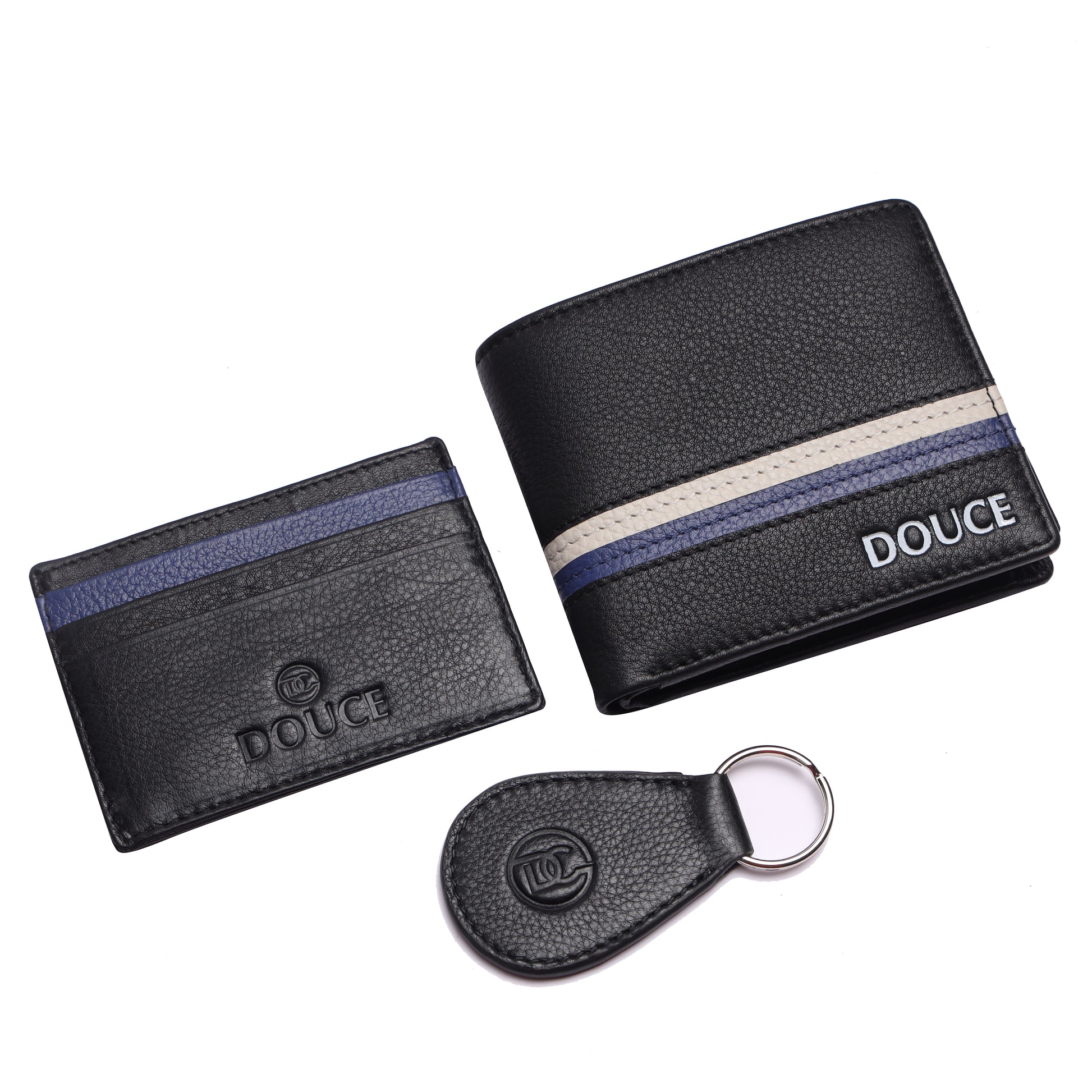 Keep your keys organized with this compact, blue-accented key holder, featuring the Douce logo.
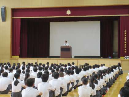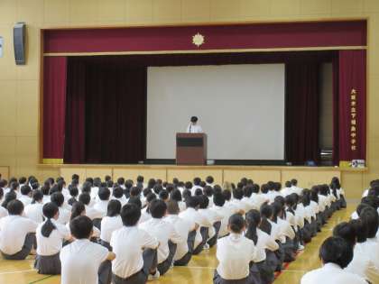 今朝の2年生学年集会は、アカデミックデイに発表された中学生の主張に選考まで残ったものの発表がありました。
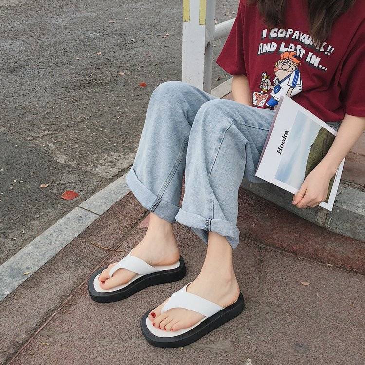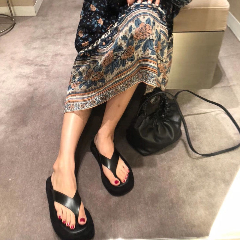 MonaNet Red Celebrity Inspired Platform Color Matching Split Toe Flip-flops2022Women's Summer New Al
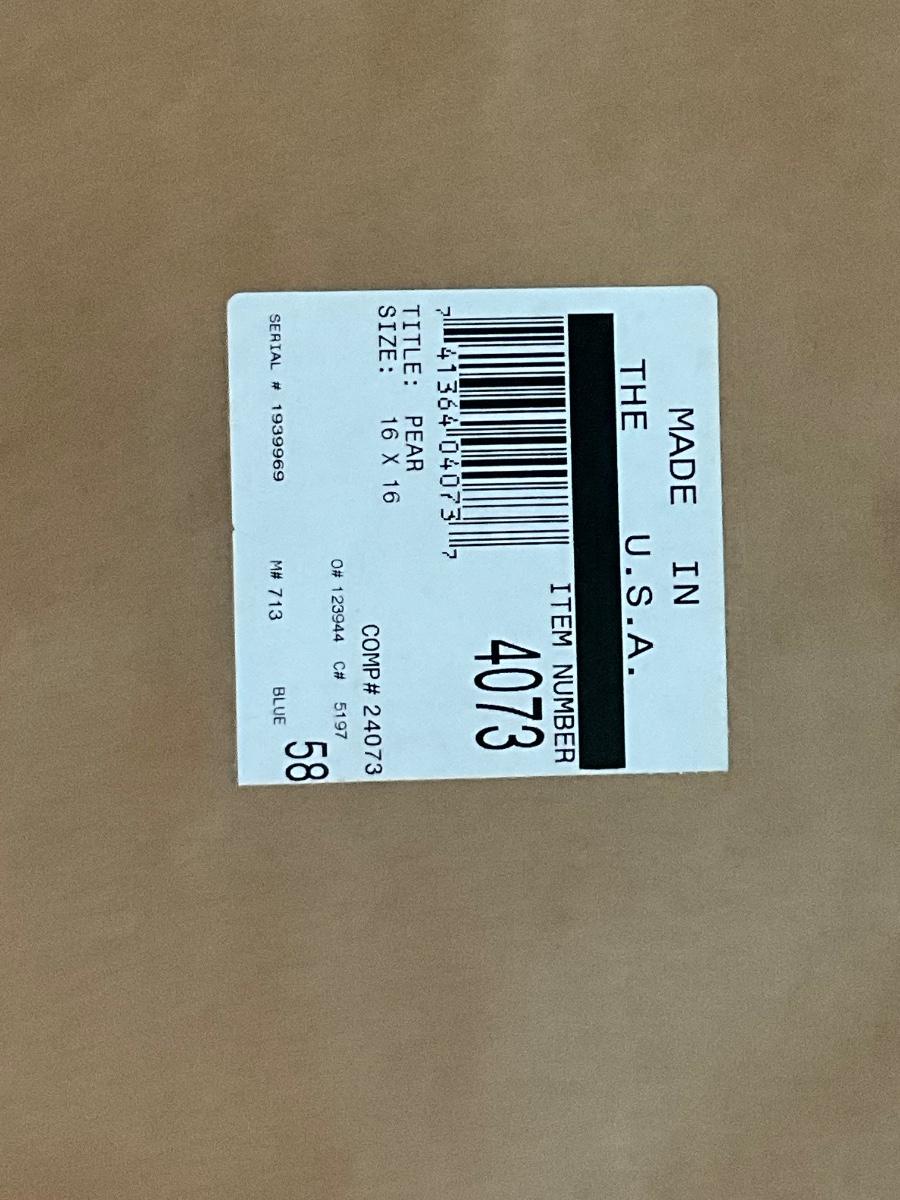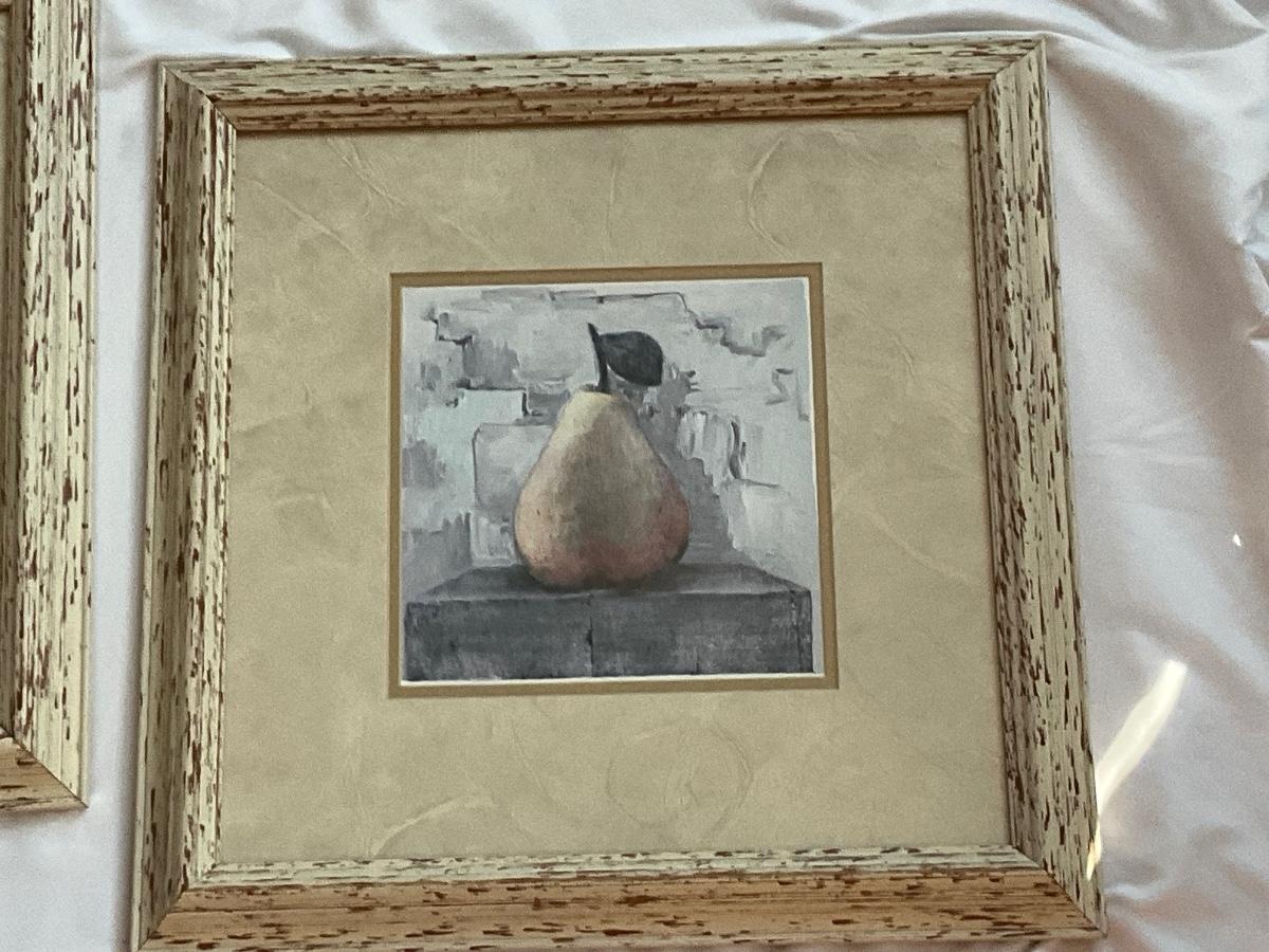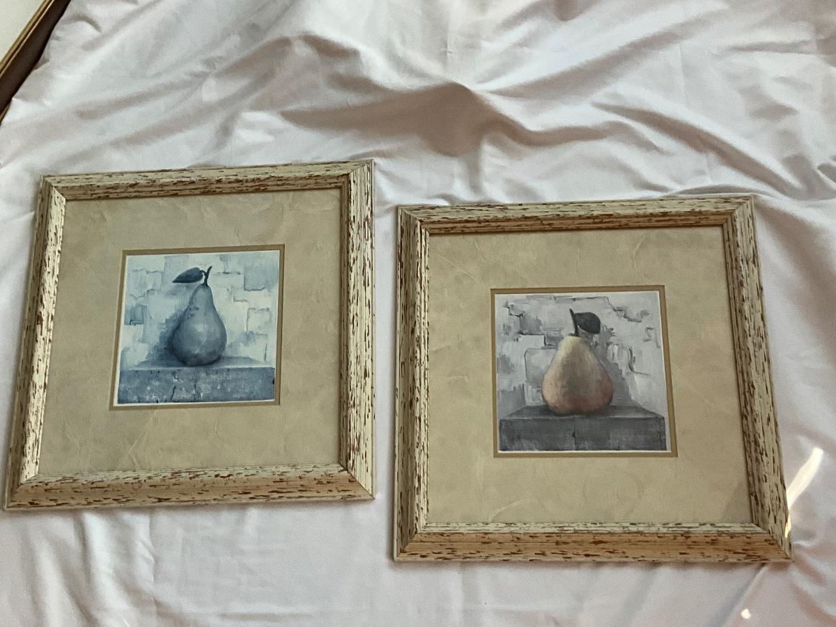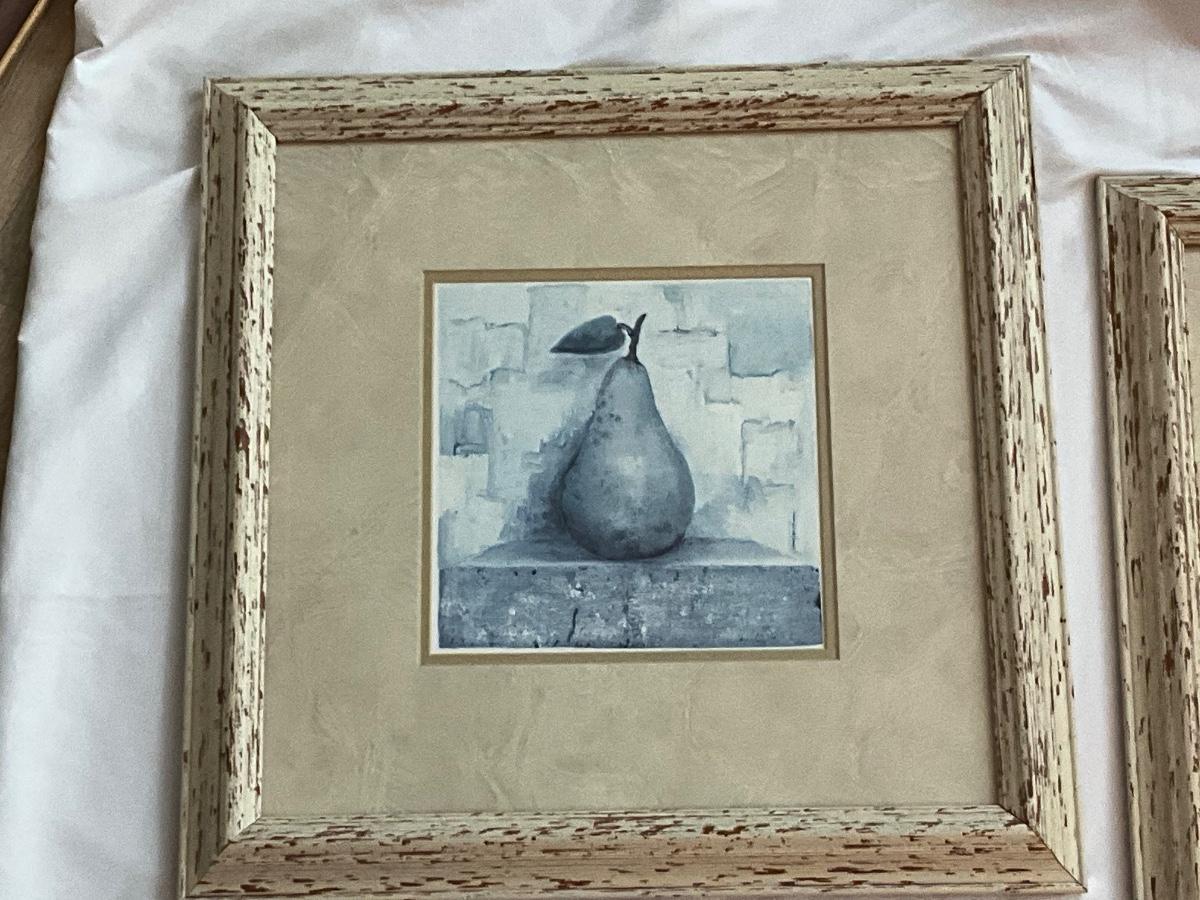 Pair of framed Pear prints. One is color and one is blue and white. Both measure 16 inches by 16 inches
^^^^
An exact, image-free transcript of the material is required.

 Keep your keys organized with this compact, blue-accented key holder, featuring the Douce logo.
 今朝の2年生学年集会は、アカデミックデイに発表された中学生の主張に選考まで残ったものの発表がありました。
 MonaNet Red Celebrity Inspired Platform Color Matching Split Toe Flip-flops2022Women's Summer New Al
 Pair of framed Pear prints. One is color and one is blue and white. Both measure 16 inches by 16 inches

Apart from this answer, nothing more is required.